States of Matter

There are five ‘states of matter’ and each has different physical properties.

If you look around you, you can probably identify at least three of them, because we live with them every day: solids, liquids, gases, plasmas, and Bose-Einstein condensates or BEC’s.

Each of the states of matter is also known as a ‘phase’. When certain physical conditions change, the compounds and elements can move from one phase to another. An example of this might be an increase in temperature that makes liquid water boil and turn into steam.


If you looked at water under a microscope you would see that they have closely packed particles that move around at random. The same rule goes for just about every liquid. They also seem to fit and shift inside their containers.


Gases are free-flowing. This includes steam, helium and even air. In a container, a gas will shift to fit the container and, depending upon the gas and the container size, can even fill the container. They have molecules that wiggle around and are spaced far apart.


Solid items like a car, desk, backpack or even your shirt are stable and firm. They have molecules that are grouped together in tightly organized patterns. There is a possibility that the molecules may have a slight vibration, but they don’t move around like liquids and gases.

The states of matter change phase when the physical conditions increase to become more active or excited or decrease to have less excitement. Another example might be the wonderful smells from a dinner that is cooking. When the molecules of the food become more excited they are released in a gas form and that is what you are smelling.

The idea of ‘phase’ actually just describes the physical state that the matter is in. The important word to take note of is the word ‘physical’, as there can only be a change from one phase to another if energy is added or taken away. The example again would be to increase heat to change a liquid into a gas or decrease the temperature to change water into ice. Each one is a physical change.

You can also make a change through the use of a chemical change that would break the water molecule’s chemical bonds. An example would be to add a carbon atom (C) and it would create formaldehyde (H2CO). However, if you add an oxygen atom (O), hydrogen peroxide is created (H2O2). Neither of these are even close to the original water molecule.

  • A rule of thumb is that in general, any change to the physical state does not lead to a molecular chemical state change.

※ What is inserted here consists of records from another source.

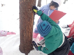 ②の班はトドマツ林内でシカの角とぎ跡を調査しました。調べた93本の樹木のうち、43本に角とぎ跡が確認されました。
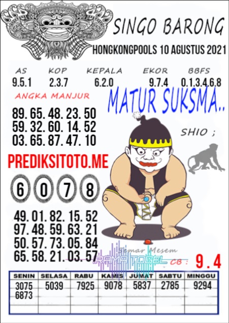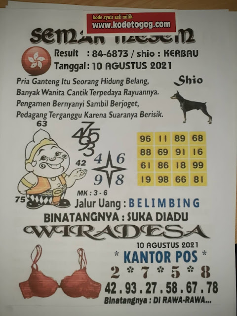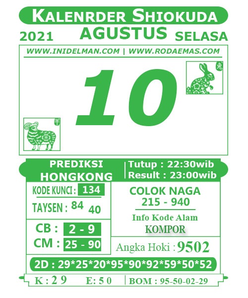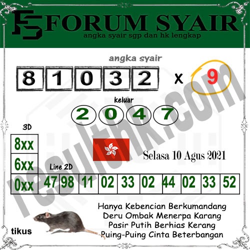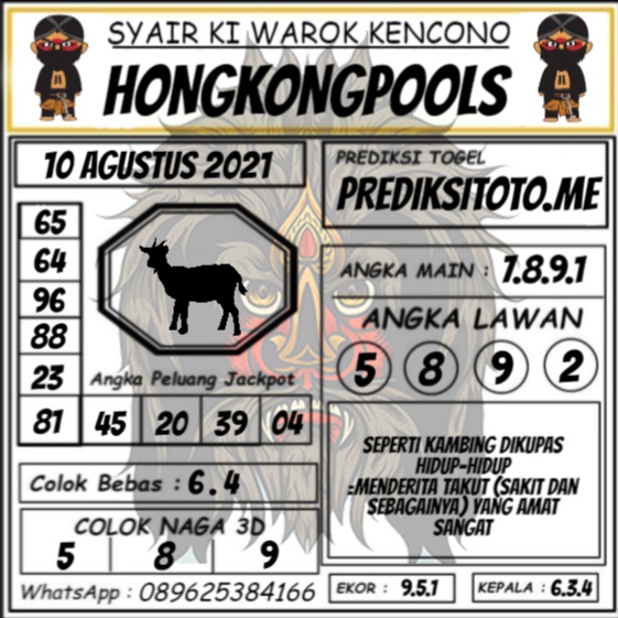 Permainan togel online ini sangatlah membutuhkan kesadaran diri di dalam membaca dan memprediksi suatu angka. Maka dari itu kunjungi selalu kode syair hk hari ini dimana dalam forum syairhk hari ini yang kami terbitkan ini akan jauh lebih memudahkan anda dalam menebak angka keluaran di periode selanjutnya. Kami juga sudah mempersiapkan Prediksi Syair Hongkong Akurat 10 Agustus 2021 untuk anda member tercinta kami.
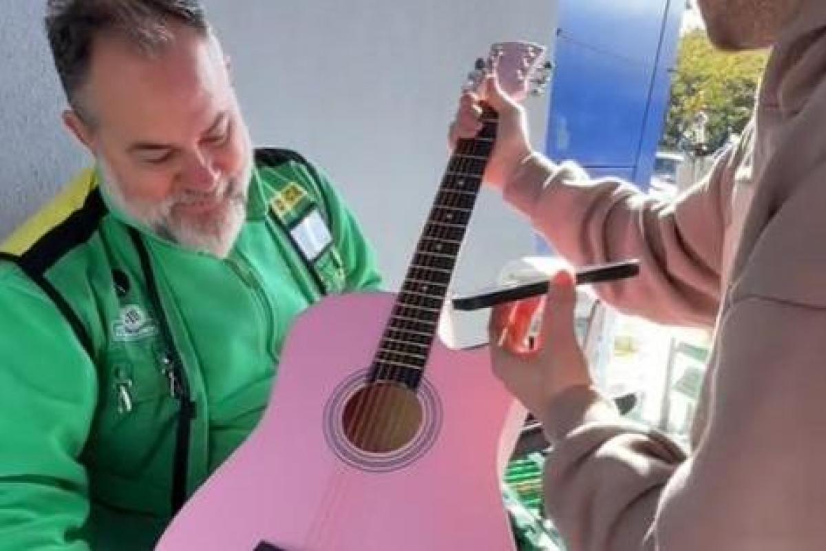 Se olvida la cartera e intenta pagar al cuponero regalándole una guitarra
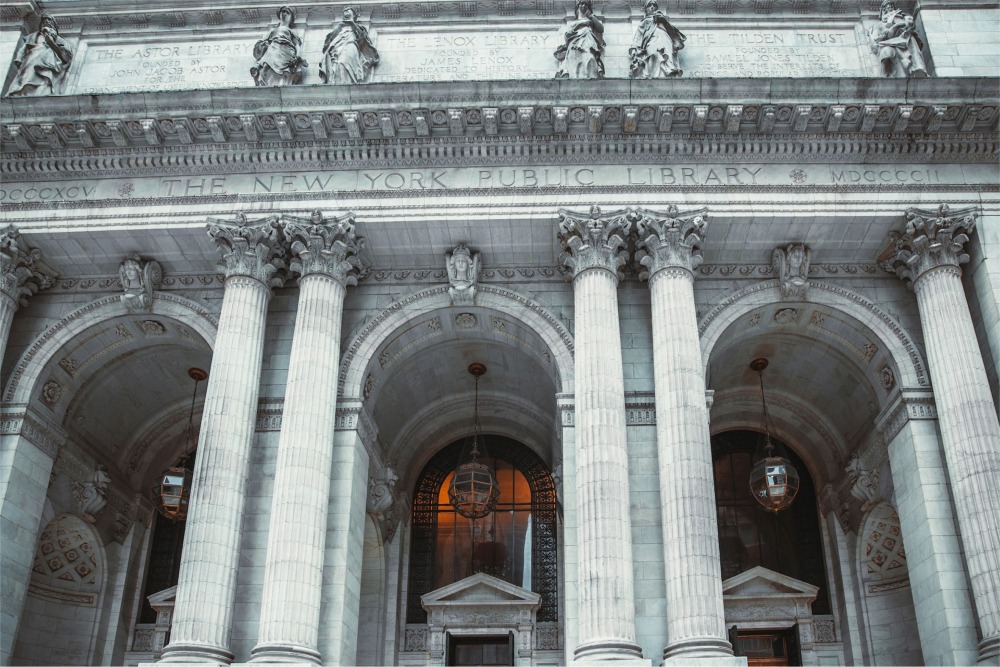 The New York Public Library main branch facade (close up in detail) along Fifth Avenue between 40th and 42nd Streets. The image also shows the elaborate Beaux-Arts features used in the library's design and construction.
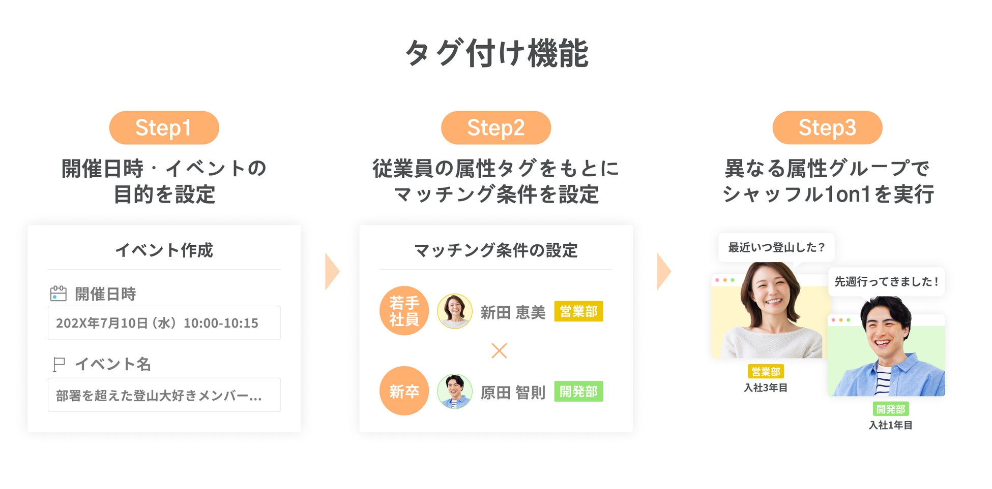 また、登録した属性ごとにソートをかけることができるため、「新卒と中堅社員」「特定の他部署同士」など、異なる属性同士のマッチング条件が手軽に設定でき、目的に合わせた交流施策を柔軟に設計することが可能です。

Water has some of the most interesting phases as it can change from one form to another based on temperature. It starts out as a liquid and if the temperature increases it can create steam, which is a gas. If the steam is collected and allowed to cool, it can return to the original water.

If the temperature is decreased it will turn to ice and then change back to water when the temperature is raised. Each change of phase involves the vibration of the molecules and whether they are speeding up with the addition of heat or slowing down with a cooler temperature.

Can you think of any other situations where states of matter change due to alterations in the physical condition?.